5.3 Manuseio dos controles Os controles nível I (artigo 0192) e nível II (artigo 0193), disponíveis na forma de spots de sangue seco em papel de filtro são submetidos a todo o procedimento de preparação das amostras. Os controles assim preparados são incluídos em cada série analítica para monitorar a exatidão e a precisão do sistema. A embalagem com fechamento tipo zip contêm o material controle, envelopes com dissecante e um cartão indicador de umidade. O cartão indicador de umidade deve ser verificado sempre que a embalagem do controle for aberta. Se o indicador apresentar uma mudança da cor azul para rosa, em 50%, os envelopes com dissecante devem ser retirados e regenerados mediante aquecimento a 60ºC por 4 horas em forno de secagem. Para evitar condensação, os controles armazenados em temperaturas abaixo de -18ºC devem ser mantidos na embalagem, até que esta atinja a temperatura ambiente, para então ser aberta. Imediatamente após o uso, os controles remanescentes devem ser novamente acondicionados em suas embalagens zip, feche bem e congele abaixo de -18°C. Uma fita de registro de temperatura está fixada na embalagem dos controles. Uma mudança permanente da cor branca para preta indica que a temperatura correspondente no indicador foi alcançada. Evite temperaturas acima de 37ºC por mais de cinco dias. Decréscimo na concentração dos analitos (aminoácidos) pode ocorrer. Evite exposição direta à luz do solar. A concentração atual depende do lote e poderá ser encontrada no folheto de informação que acompanha o controle.
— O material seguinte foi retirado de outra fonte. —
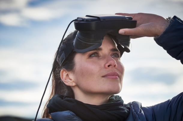 Come con un heads-up display, le informazioni di volo vengono poi visualizzate davanti agli occhi, all’interno del visore (ad esempio altitudine, velocità, distanza e livello della batteria).

Atenção: Este produto foi fabricado a partir de pool de sangue total humano testado, fornecendo resultados negativos para anticorpos HIV-1+2, HIV-, HCV- e HBV-DNA (PCR), antígeno HBs, anticorpos HBc, anticorpos HCV e TPHA. Como não existem métodos que dêem segurança absoluta de que produtos contendo materiais de fonte humana serão livres de agentes infecciosos, um possível risco de infecção deve ser levado em conta. Este produto também pode conter agentes desconhecidos e outros patógenos para os quais não existem testes aprovados. Nós assim recomendamos considerar todos os produtos contendo material de fonte humana como potencialmente infeccioso e manipulá-lo com o mesmo cuidado destinado a amostras de pacientes potencialmente infecciosas.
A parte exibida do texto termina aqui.